**Provided information:**

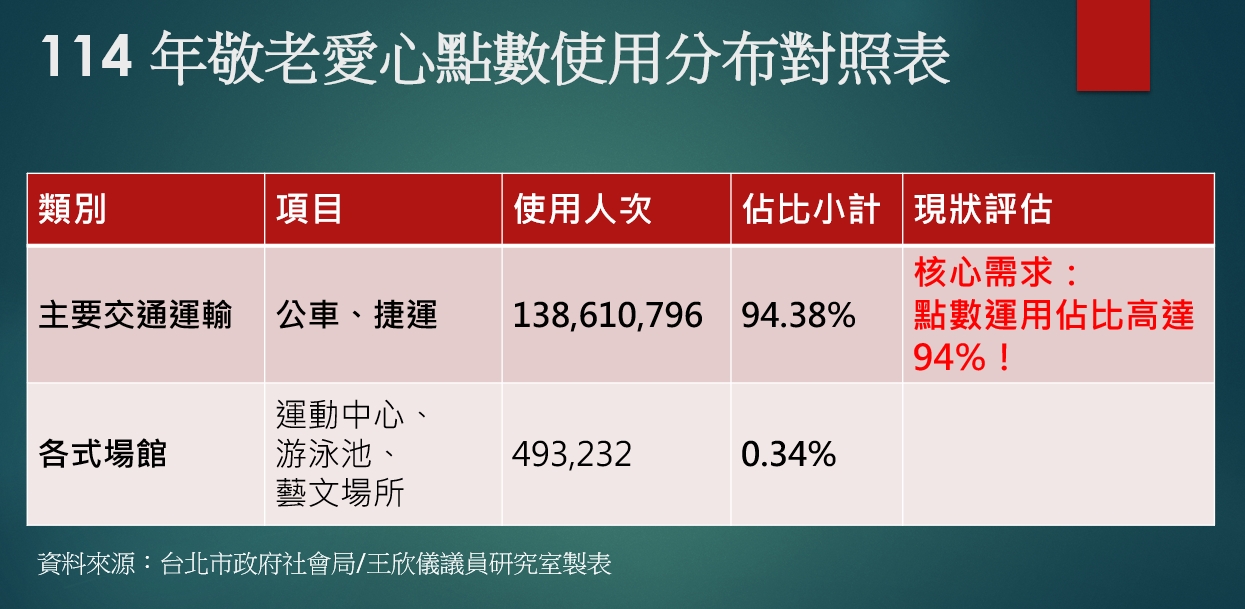另針對掃碼搭車使用率極低問題,社會局回覆因「71處場館缺乏掃碼設備」導致推動困難,王欣儀現場拿出數據打臉。長輩敬老點數有 94% 都用在搭車,運動中心或藝文場館的使用率僅有0.3%,怒轟「九成以上的交通需求設備早就建置好了,社會局卻拿不到 1% 的場館設備沒到位來推託不開放乘車碼扣點,簡直是行政怠惰!」
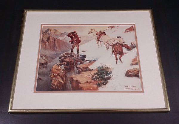 Western snowy hunting scene with a downed mountain sheep, hunter with rifle and his two horse convoy in winter on a cliffs edge. Print of a painting by Marcel Leduc's version as a reproduction of the original Charles Russell painting.
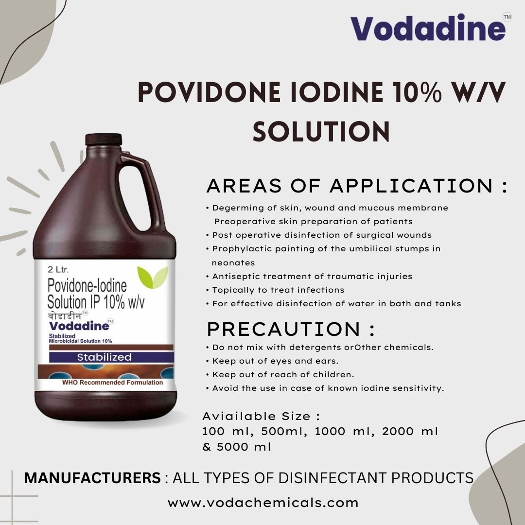 #PovidoneIodine #Vodadine #AntisepticSolution #WoundCare #InfectionControl #SurgicalAntiseptic #FirstAid #SkinDisinfection #HospitalGrade #VodaChemicals
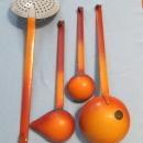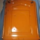 Burnt orange with original utensils. Very nice condition with some enamel nicks as shown in the photos.
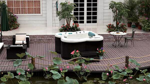 Weitere Eigenschaften wie 1 in sieben Farben beleuchteter Wasserfall, 3 Kopfstützen,1 Aroma- und 1 Lichttherapie, 30 Glasfaser LED-Perimeter Beleuchtung, 1 Winterisolation.
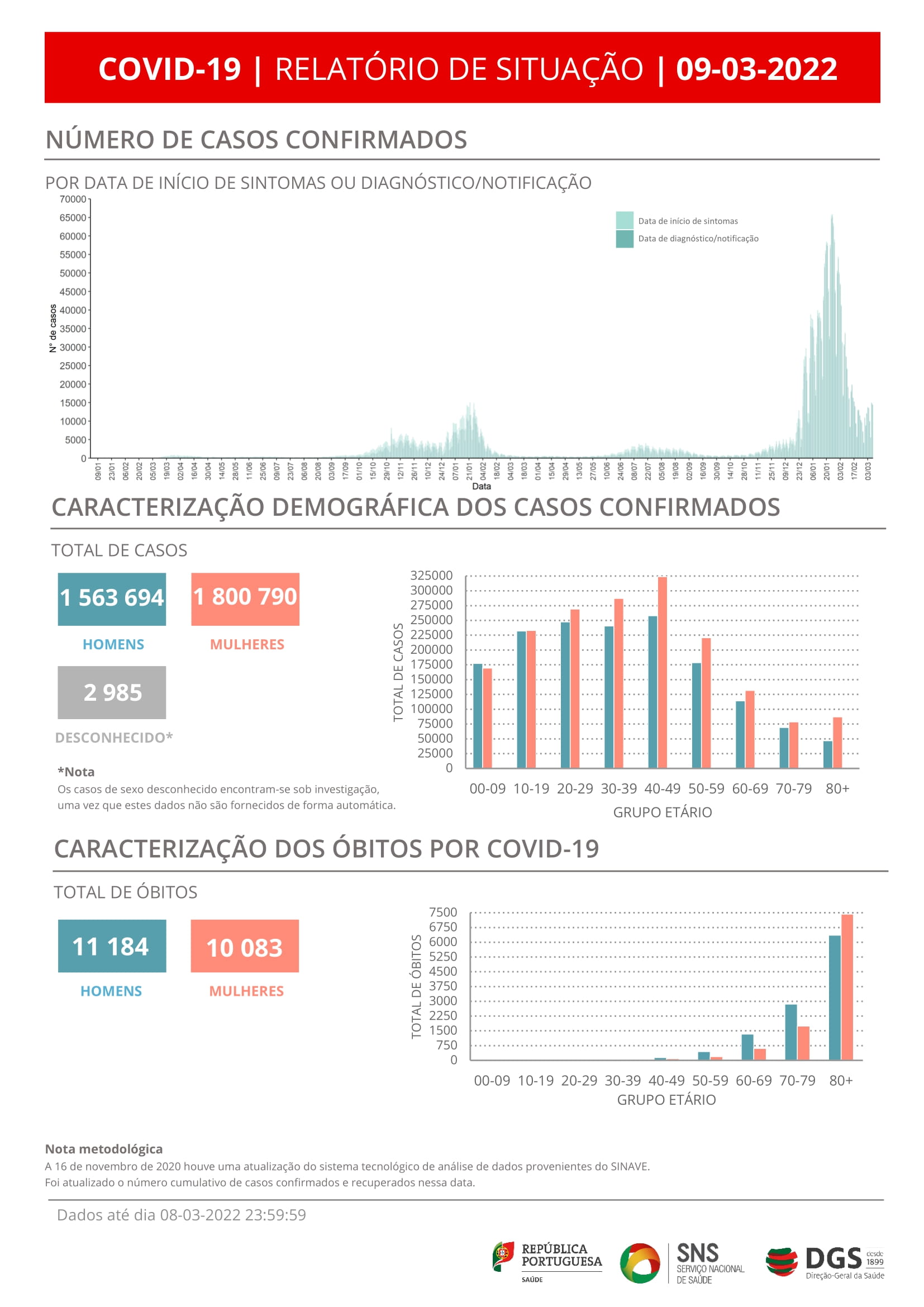 De acordo com DGS, foram contabilizados um total de 3.367.469 casos de infeção em Portugal, sendo 1.800.790 em mulheres e 1.563.694 em homens, com mais 2.985 casos de sexo desconhecido, que se encontram sob investigação, uma vez que esta informação não é fornecida de forma automática.

**Work to complete:** Leave out the pictures and repeat exactly the lines from the start of the material through the line that contains "Burnt orange with", both included.

**Output for this exercise:**
另針對掃碼搭車使用率極低問題,社會局回覆因「71處場館缺乏掃碼設備」導致推動困難,王欣儀現場拿出數據打臉。長輩敬老點數有 94% 都用在搭車,運動中心或藝文場館的使用率僅有0.3%,怒轟「九成以上的交通需求設備早就建置好了,社會局卻拿不到 1% 的場館設備沒到位來推託不開放乘車碼扣點,簡直是行政怠惰!」
 Western snowy hunting scene with a downed mountain sheep, hunter with rifle and his two horse convoy in winter on a cliffs edge. Print of a painting by Marcel Leduc's version as a reproduction of the original Charles Russell painting.
 #PovidoneIodine #Vodadine #AntisepticSolution #WoundCare #InfectionControl #SurgicalAntiseptic #FirstAid #SkinDisinfection #HospitalGrade #VodaChemicals
 Burnt orange with original utensils. Very nice condition with some enamel nicks as shown in the photos.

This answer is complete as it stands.